THE TASK - Your answer should be every line with the word "used", copied from the data below.

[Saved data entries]
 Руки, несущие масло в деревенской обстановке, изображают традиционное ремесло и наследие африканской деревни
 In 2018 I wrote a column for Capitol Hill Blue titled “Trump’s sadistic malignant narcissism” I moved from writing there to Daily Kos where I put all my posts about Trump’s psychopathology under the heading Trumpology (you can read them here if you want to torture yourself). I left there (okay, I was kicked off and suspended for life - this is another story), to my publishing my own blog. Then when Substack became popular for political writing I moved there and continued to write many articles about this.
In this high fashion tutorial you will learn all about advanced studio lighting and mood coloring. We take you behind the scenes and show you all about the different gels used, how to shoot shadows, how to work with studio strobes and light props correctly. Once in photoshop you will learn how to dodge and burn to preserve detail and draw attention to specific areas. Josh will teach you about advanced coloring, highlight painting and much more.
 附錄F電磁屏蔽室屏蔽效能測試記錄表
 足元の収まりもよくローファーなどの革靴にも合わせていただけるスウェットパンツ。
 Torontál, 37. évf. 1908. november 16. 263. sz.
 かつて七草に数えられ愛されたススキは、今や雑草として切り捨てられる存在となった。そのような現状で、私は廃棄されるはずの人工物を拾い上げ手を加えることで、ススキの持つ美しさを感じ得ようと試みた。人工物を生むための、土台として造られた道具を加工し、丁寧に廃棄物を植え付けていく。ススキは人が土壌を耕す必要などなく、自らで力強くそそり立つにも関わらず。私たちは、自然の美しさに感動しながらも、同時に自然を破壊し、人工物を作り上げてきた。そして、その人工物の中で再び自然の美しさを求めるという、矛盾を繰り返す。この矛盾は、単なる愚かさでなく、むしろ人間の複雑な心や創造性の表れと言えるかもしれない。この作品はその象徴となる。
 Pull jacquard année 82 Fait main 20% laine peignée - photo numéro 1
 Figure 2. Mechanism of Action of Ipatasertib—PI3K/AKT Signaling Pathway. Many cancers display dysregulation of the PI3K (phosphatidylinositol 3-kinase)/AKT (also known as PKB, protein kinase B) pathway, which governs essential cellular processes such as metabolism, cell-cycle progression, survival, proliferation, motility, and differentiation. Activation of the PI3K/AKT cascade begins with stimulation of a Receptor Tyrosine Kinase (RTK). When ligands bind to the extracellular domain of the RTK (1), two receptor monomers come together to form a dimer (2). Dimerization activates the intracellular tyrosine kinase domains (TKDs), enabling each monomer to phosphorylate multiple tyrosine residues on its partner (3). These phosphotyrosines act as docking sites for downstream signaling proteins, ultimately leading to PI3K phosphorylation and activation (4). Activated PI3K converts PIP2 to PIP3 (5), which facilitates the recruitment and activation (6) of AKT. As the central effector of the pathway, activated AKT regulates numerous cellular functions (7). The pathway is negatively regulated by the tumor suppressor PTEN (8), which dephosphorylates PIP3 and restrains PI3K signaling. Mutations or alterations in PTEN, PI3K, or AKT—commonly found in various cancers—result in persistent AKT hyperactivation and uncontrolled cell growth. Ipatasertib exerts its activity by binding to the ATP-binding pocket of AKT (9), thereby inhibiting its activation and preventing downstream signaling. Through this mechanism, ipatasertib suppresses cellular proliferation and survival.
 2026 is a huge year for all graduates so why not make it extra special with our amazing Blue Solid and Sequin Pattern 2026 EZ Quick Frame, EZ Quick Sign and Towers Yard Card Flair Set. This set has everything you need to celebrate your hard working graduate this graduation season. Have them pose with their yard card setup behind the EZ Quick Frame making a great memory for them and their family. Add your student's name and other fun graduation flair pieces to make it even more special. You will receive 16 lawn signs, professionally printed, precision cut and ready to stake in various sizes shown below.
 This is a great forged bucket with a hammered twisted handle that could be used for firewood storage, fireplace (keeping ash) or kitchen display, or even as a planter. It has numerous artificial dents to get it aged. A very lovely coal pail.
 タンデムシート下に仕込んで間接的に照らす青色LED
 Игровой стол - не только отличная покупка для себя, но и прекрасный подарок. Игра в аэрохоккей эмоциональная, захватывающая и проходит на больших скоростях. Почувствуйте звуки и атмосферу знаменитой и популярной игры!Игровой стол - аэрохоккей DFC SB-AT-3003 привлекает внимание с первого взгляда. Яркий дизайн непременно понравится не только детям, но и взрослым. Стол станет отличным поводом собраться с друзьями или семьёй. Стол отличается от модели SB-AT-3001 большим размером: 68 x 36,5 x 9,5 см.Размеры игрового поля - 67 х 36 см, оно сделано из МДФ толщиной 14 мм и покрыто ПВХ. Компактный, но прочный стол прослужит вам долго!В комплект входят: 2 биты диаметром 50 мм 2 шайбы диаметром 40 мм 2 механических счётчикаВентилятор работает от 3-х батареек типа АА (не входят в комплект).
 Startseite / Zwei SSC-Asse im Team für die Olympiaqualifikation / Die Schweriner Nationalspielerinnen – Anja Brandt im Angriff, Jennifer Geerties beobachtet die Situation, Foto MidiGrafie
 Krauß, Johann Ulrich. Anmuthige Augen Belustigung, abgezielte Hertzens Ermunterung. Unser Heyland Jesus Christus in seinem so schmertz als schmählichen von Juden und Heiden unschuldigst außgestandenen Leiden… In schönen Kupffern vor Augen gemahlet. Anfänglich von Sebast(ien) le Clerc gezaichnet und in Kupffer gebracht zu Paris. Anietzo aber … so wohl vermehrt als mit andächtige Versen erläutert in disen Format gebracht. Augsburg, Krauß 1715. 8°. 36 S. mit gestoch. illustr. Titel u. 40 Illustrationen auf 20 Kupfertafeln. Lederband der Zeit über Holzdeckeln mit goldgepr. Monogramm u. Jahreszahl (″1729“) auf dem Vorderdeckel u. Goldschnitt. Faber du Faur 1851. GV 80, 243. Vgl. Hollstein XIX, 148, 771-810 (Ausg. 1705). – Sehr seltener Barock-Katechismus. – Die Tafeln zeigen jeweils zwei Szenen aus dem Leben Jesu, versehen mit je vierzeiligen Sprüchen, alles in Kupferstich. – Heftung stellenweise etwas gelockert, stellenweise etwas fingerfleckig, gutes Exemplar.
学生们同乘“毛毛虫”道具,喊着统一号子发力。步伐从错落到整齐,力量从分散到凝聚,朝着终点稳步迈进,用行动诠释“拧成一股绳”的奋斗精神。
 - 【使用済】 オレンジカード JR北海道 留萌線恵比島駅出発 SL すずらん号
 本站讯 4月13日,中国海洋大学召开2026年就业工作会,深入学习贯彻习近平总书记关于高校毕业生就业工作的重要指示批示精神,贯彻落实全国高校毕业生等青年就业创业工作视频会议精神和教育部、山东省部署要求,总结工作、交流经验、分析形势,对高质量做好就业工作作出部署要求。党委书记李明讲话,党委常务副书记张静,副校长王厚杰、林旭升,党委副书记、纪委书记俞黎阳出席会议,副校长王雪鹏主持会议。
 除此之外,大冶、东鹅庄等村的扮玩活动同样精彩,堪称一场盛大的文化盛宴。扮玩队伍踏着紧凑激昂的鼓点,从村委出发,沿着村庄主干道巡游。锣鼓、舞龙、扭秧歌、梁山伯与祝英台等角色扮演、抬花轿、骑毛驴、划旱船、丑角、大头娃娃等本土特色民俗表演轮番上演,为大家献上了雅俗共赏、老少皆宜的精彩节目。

WRITTEN REPLY -
In this high fashion tutorial you will learn all about advanced studio lighting and mood coloring. We take you behind the scenes and show you all about the different gels used, how to shoot shadows, how to work with studio strobes and light props correctly. Once in photoshop you will learn how to dodge and burn to preserve detail and draw attention to specific areas. Josh will teach you about advanced coloring, highlight painting and much more.
 This is a great forged bucket with a hammered twisted handle that could be used for firewood storage, fireplace (keeping ash) or kitchen display, or even as a planter. It has numerous artificial dents to get it aged. A very lovely coal pail.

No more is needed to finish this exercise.